━━ Dataset excerpt ━━

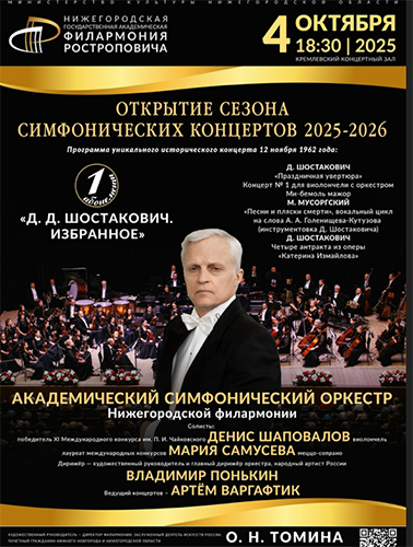 Открытие нового филармонического сезона в Нижегородской филармонии ознаменовалось уникальным концертом: музыканты академического симфонического оркестра под управлением художественного руководителя и главного дирижёра, народного артиста России Владимира Александровича Понькина, а также солисты — виолончелист Денис Шаповалов и молодая певица, меццо-сопрано Мария Самусева полностью реконструировали программу ставшего легендарным концерта, состоявшегося 12 ноября 1962 года, когда впервые и единственный раз за дирижёрский пульт встал Дмитрий Дмитриевич Шостакович.
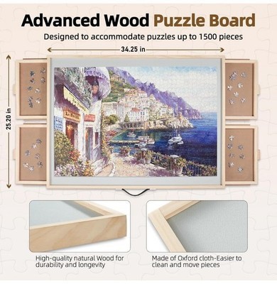 Natural Wood High-Capacity Design: Elevate your puzzling with a puzzle table for adults made of premium natural wood. Not only is it sturdy and long-lasting, but it's also environmentally friendly. Whether you're working on a 1000-piece masterpiece or pushing the boundaries with 1500 pieces, our table is the haven you've been seeking. Also, puzzle table is designed to be portable with a handle and you could place it under the sofa or bed to save more space.
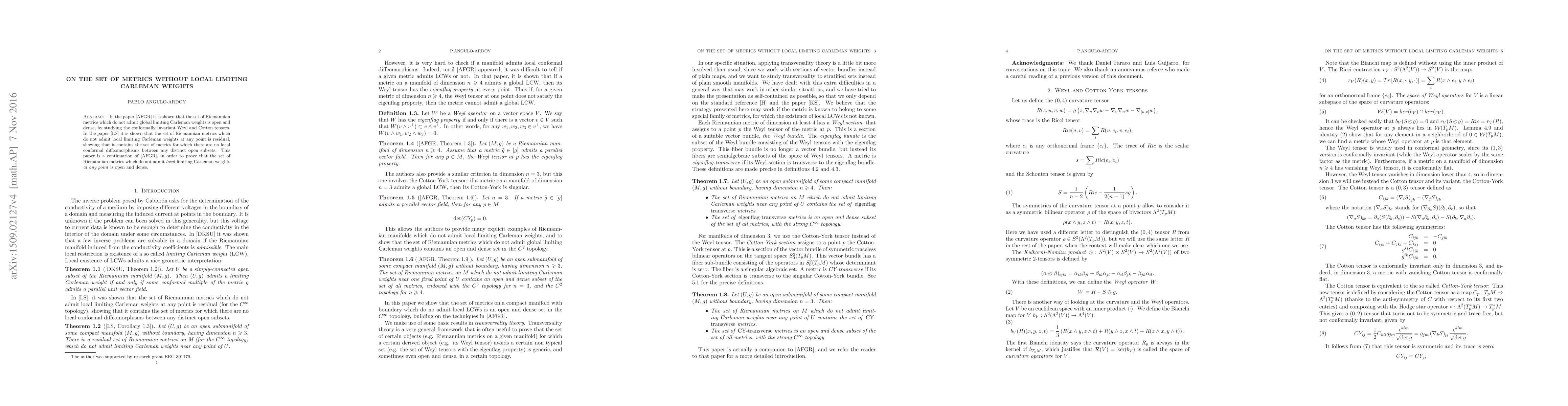 In the paper arXiv:1411.4887 [math.AP] it is shown that the set of Riemannian metrics which do not admit global limiting Carleman weights is open and dense, by studying the conformally invariant Weyl and Cotton tensors. In the paper arXiv:1011.2507 [math.DG] it is shown that the set of Riemannian metrics which do not admit local limiting Carleman weights at any point is residual, showing that it contains the set of metrics for which there are no local conformal diffeomorphisms between any distinct open subsets. This paper is a continuation of arXiv:1411.4887 [math.AP] in order to prove that the set of Riemannian metrics which do not admit local limiting Carleman weights \emph{at any point} is open and dense.
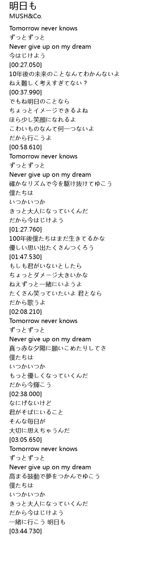 | [03:06.060] | Tomorrow never knows |

━━━

What you will do:
Output the line containing "In the paper arXiv:1411.4887" along with every line after it to the end of the material, exactly as written, but without pictures.

Exercise answer:
 In the paper arXiv:1411.4887 [math.AP] it is shown that the set of Riemannian metrics which do not admit global limiting Carleman weights is open and dense, by studying the conformally invariant Weyl and Cotton tensors. In the paper arXiv:1011.2507 [math.DG] it is shown that the set of Riemannian metrics which do not admit local limiting Carleman weights at any point is residual, showing that it contains the set of metrics for which there are no local conformal diffeomorphisms between any distinct open subsets. This paper is a continuation of arXiv:1411.4887 [math.AP] in order to prove that the set of Riemannian metrics which do not admit local limiting Carleman weights \emph{at any point} is open and dense.
 | [03:06.060] | Tomorrow never knows |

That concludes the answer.